- [Your goal]
Pictures should be left out when the listing below is repeated word for word.

- [Recorded data]

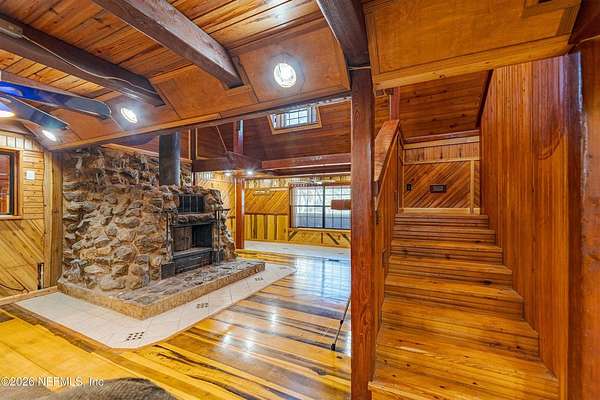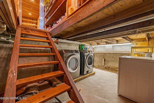 Welcome to 11053 Mulberry Landing Annex in Hilliard, a truly one-of-a-kind property offering unmatched versatility, space, and functionality--ideal for multigenerational living, hobbyists, small business owners, or anyone seeking room to live, work, and entertain. The main residence offers approximately 2,860 square feet of thoughtfully designed living space featuring 4 bedrooms and 3 full bathrooms, a full kitchen, and an interior laundry room. Anchoring the main living area is an oversized river rock fireplace, creating a striking focal point and a warm, inviting atmosphere. The home also features a custom river rock waterfall in the florida room and a jacuzzi, delivering a spa-like retreat right inside the home. Attached to the main home by the carport is a separate additional living unit totaling approximately 588 square feet, complete with 1 bedroom, 1 full bathroom, its own kitchen, and laundry--ideal for extended family, guests, rental income, or a private in-law suite. Vehicle and workspace capacity are exceptional. In addition to the 2-car attached carport, the property features a massive detached 4-car garage and workshop totaling approximately 3,419 square feet. This impressive structure includes vehicle lifts, a bathroom, a laundry room, and extensive storage, making it perfect for mechanics, collectors, contractors, or serious hobbyists. Designed for entertaining and outdoor living, the property boasts a fully equipped outdoor kitchen featuring four large industrial-size grills and smokers, along with seating for eight, creating the perfect setup for gatherings, events, or weekend cookouts. The outdoor experience continues with a private pond, complete with a dock featuring a spacious seating area for eight people and stairs providing direct access for launching or enjoying a boat on the pondan ideal setting for relaxing, fishing, or unwinding at the end of the day. Additional highlights include three RV hookups for guests or recreational use, as well as a separate two-story structure currently used as a chicken coop, offering even more flexibility for agricultural use, storage, or creative repurposing. This property delivers a rare combination of residential comfort, multigenerational or income potential, expansive utility space, and outdoor amenities, all in one remarkable setting. Opportunities like this are seldom availableschedule your private showing to fully appreciate everything this unique property has to offer.
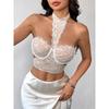 Lace up Hanging Neck Flower Hollow out Beauty Back Square Scarf Bib Type Lace Vest French style Gyaru Sexy Corset Backless Women
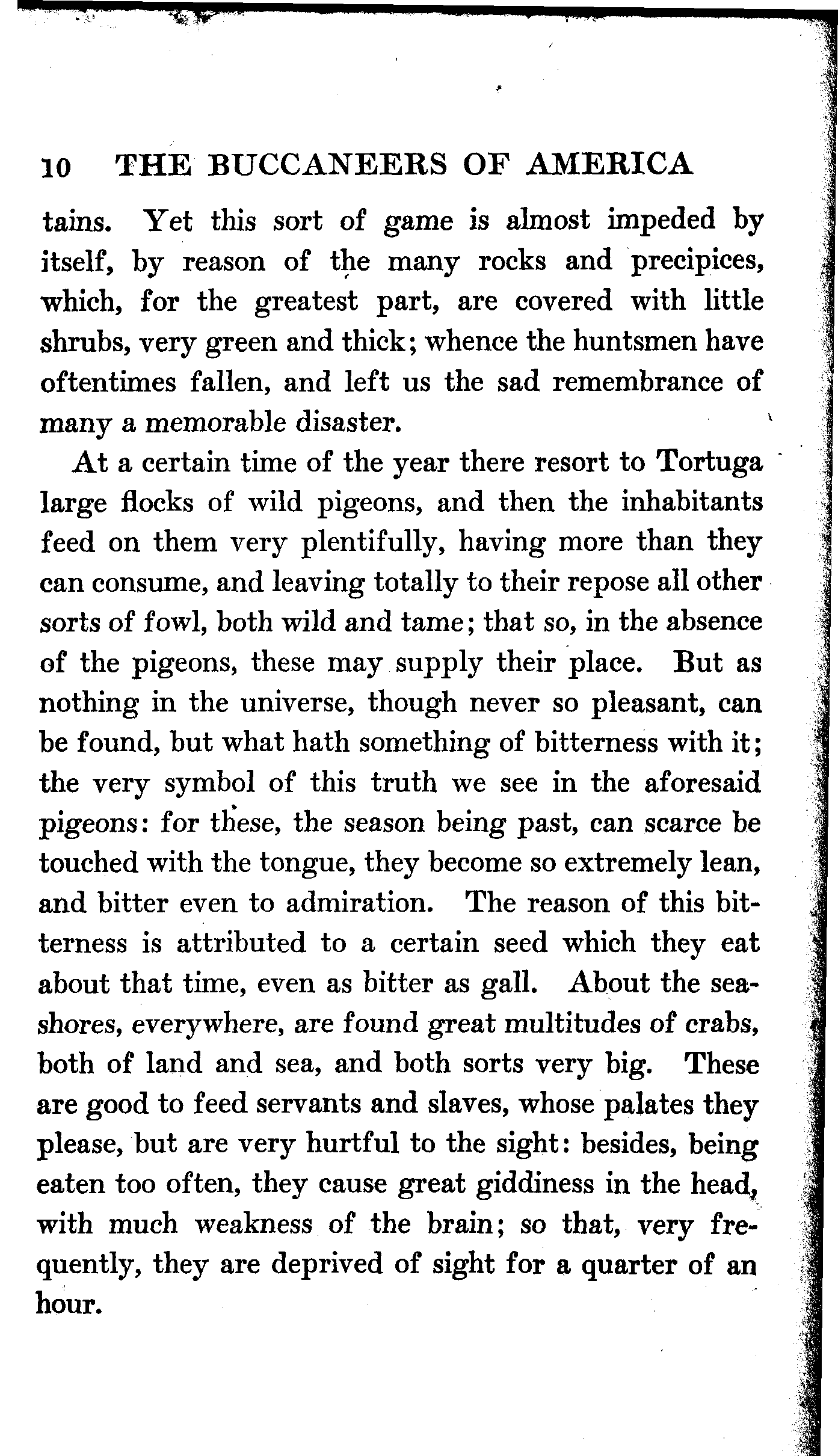 At a certain time of the year there resort to Tortuga large flocks of wild pigeons, and then the inhabitants feed on them very plentifully, having more than they can consume, and leaving totally to their repose all other sorts of fowl, both wild and tame; that so, in the absence of the pigeons, these may supply their place. But as nothing in the universe, though never so pleasant, can be found, but what hath something of bitterness with it; the very symbol of this truth we see in the aforesaid pigeons: for these, the season being past, can scarce be touched with the tongue, they become so extremely lean, and bitter even to admiration. The reason of this bitterness is attributed to a certain seed which they eat about that time, even as bitter as gall. About the sea-shores, everywhere, are found great multitudes of crabs, both of land and sea, and both sorts very big. These are good to feed servants and slaves, whose palates they please, but are very hurtful to the sight: besides, being eaten too often, they cause great giddiness in the head, with much weakness of the brain; so that, very frequently, they are deprived of sight for a quarter of an hour.[11]
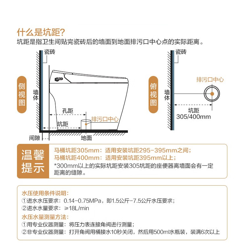瑞尔特(R&T)瑞尔特无界系列壁挂式轻智能马桶家用自动翻盖一体悬浮电动坐便器 WH0P 305/300mm
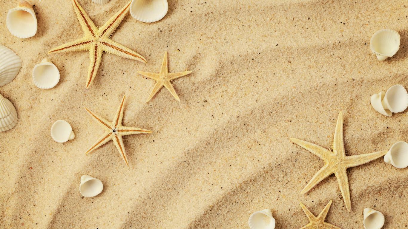 Обои Морские звезды с белыми ракушками на желтом песке
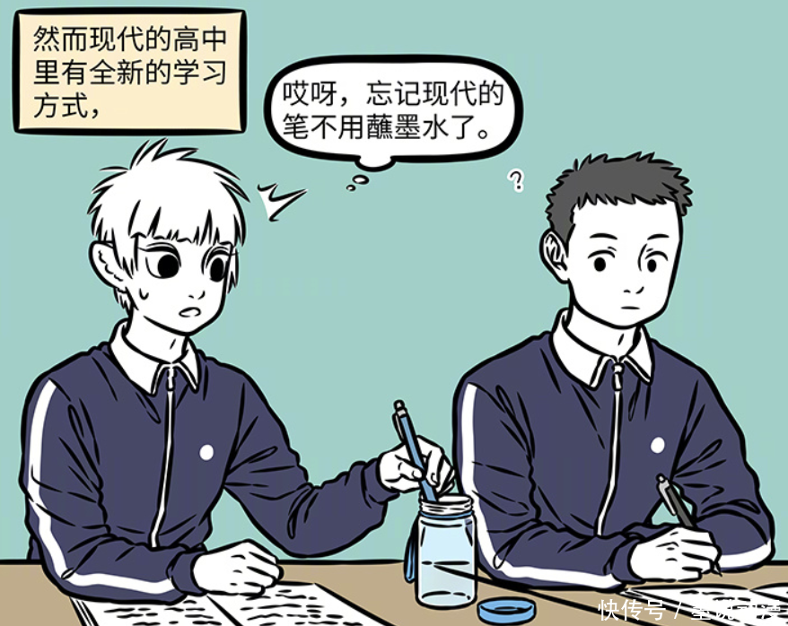 在高中生活一段时间之后,十一月还是没有忘记原来的习惯,拿自动铅笔去沾水。全新的学习方式,十一月需要时间适应。十一月也经常会忘记一些现代的习惯,蘸墨水这种方式,只有毛笔才用得到。
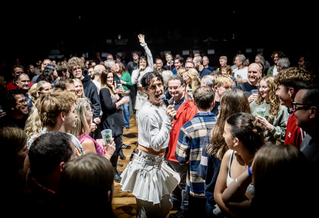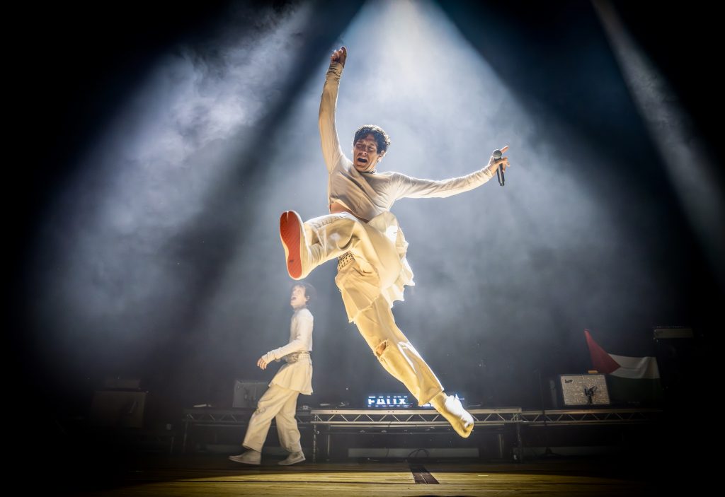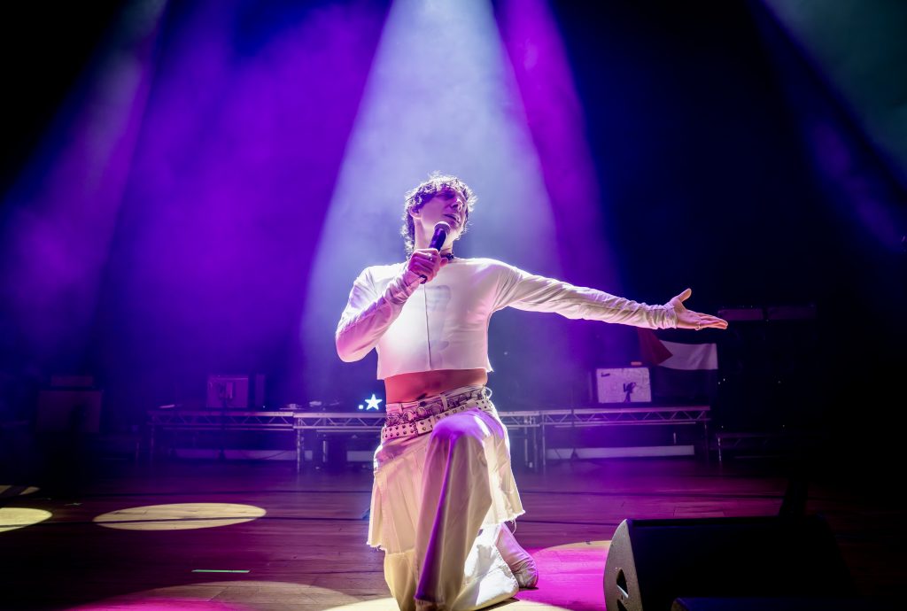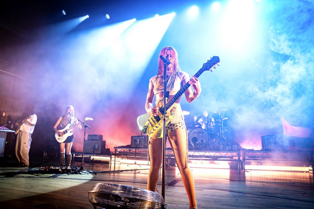 Despite the truly horrendous weather hammering Bristol all evening, the sold-out crowd at Bristol Beacon packed the venue to the rafters for Wet Leg’s return to the city. Any damp spirits were immediately lifted by support act Faux Real, whose playful, off-kilter performance brought exactly the kind of eccentric energy a night like this thrives on. Their choreographed art-pop set was clever, funny and unexpectedly tight – the ideal warm-up for what was to come.
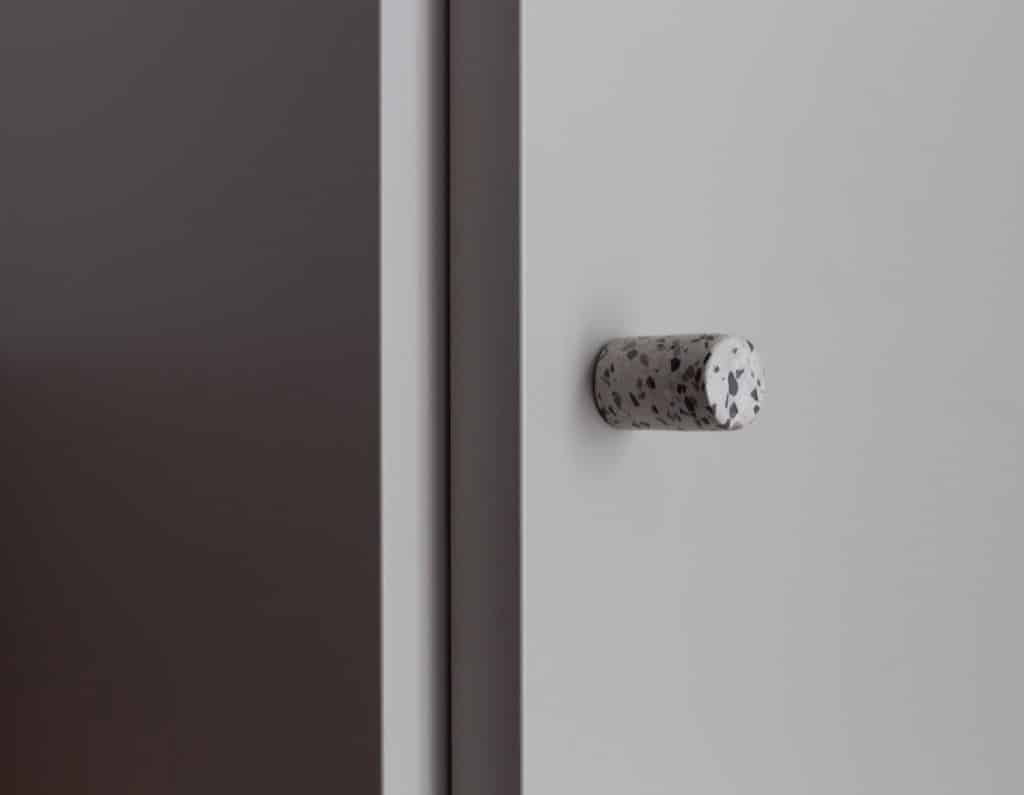 Negli interni dell’appartamento, le maniglie Zeppelin e Madeleine nella finitura nickel lucido spiccano su porte di colore verde pistacchio, bianco mandorla e tortora.

- [Problem solution]
 Welcome to 11053 Mulberry Landing Annex in Hilliard, a truly one-of-a-kind property offering unmatched versatility, space, and functionality--ideal for multigenerational living, hobbyists, small business owners, or anyone seeking room to live, work, and entertain. The main residence offers approximately 2,860 square feet of thoughtfully designed living space featuring 4 bedrooms and 3 full bathrooms, a full kitchen, and an interior laundry room. Anchoring the main living area is an oversized river rock fireplace, creating a striking focal point and a warm, inviting atmosphere. The home also features a custom river rock waterfall in the florida room and a jacuzzi, delivering a spa-like retreat right inside the home. Attached to the main home by the carport is a separate additional living unit totaling approximately 588 square feet, complete with 1 bedroom, 1 full bathroom, its own kitchen, and laundry--ideal for extended family, guests, rental income, or a private in-law suite. Vehicle and workspace capacity are exceptional. In addition to the 2-car attached carport, the property features a massive detached 4-car garage and workshop totaling approximately 3,419 square feet. This impressive structure includes vehicle lifts, a bathroom, a laundry room, and extensive storage, making it perfect for mechanics, collectors, contractors, or serious hobbyists. Designed for entertaining and outdoor living, the property boasts a fully equipped outdoor kitchen featuring four large industrial-size grills and smokers, along with seating for eight, creating the perfect setup for gatherings, events, or weekend cookouts. The outdoor experience continues with a private pond, complete with a dock featuring a spacious seating area for eight people and stairs providing direct access for launching or enjoying a boat on the pondan ideal setting for relaxing, fishing, or unwinding at the end of the day. Additional highlights include three RV hookups for guests or recreational use, as well as a separate two-story structure currently used as a chicken coop, offering even more flexibility for agricultural use, storage, or creative repurposing. This property delivers a rare combination of residential comfort, multigenerational or income potential, expansive utility space, and outdoor amenities, all in one remarkable setting. Opportunities like this are seldom availableschedule your private showing to fully appreciate everything this unique property has to offer.
 Lace up Hanging Neck Flower Hollow out Beauty Back Square Scarf Bib Type Lace Vest French style Gyaru Sexy Corset Backless Women
 At a certain time of the year there resort to Tortuga large flocks of wild pigeons, and then the inhabitants feed on them very plentifully, having more than they can consume, and leaving totally to their repose all other sorts of fowl, both wild and tame; that so, in the absence of the pigeons, these may supply their place. But as nothing in the universe, though never so pleasant, can be found, but what hath something of bitterness with it; the very symbol of this truth we see in the aforesaid pigeons: for these, the season being past, can scarce be touched with the tongue, they become so extremely lean, and bitter even to admiration. The reason of this bitterness is attributed to a certain seed which they eat about that time, even as bitter as gall. About the sea-shores, everywhere, are found great multitudes of crabs, both of land and sea, and both sorts very big. These are good to feed servants and slaves, whose palates they please, but are very hurtful to the sight: besides, being eaten too often, they cause great giddiness in the head, with much weakness of the brain; so that, very frequently, they are deprived of sight for a quarter of an hour.[11]
瑞尔特(R&T)瑞尔特无界系列壁挂式轻智能马桶家用自动翻盖一体悬浮电动坐便器 WH0P 305/300mm
 Обои Морские звезды с белыми ракушками на желтом песке
 在高中生活一段时间之后,十一月还是没有忘记原来的习惯,拿自动铅笔去沾水。全新的学习方式,十一月需要时间适应。十一月也经常会忘记一些现代的习惯,蘸墨水这种方式,只有毛笔才用得到。
 Despite the truly horrendous weather hammering Bristol all evening, the sold-out crowd at Bristol Beacon packed the venue to the rafters for Wet Leg’s return to the city. Any damp spirits were immediately lifted by support act Faux Real, whose playful, off-kilter performance brought exactly the kind of eccentric energy a night like this thrives on. Their choreographed art-pop set was clever, funny and unexpectedly tight – the ideal warm-up for what was to come.
 Negli interni dell’appartamento, le maniglie Zeppelin e Madeleine nella finitura nickel lucido spiccano su porte di colore verde pistacchio, bianco mandorla e tortora.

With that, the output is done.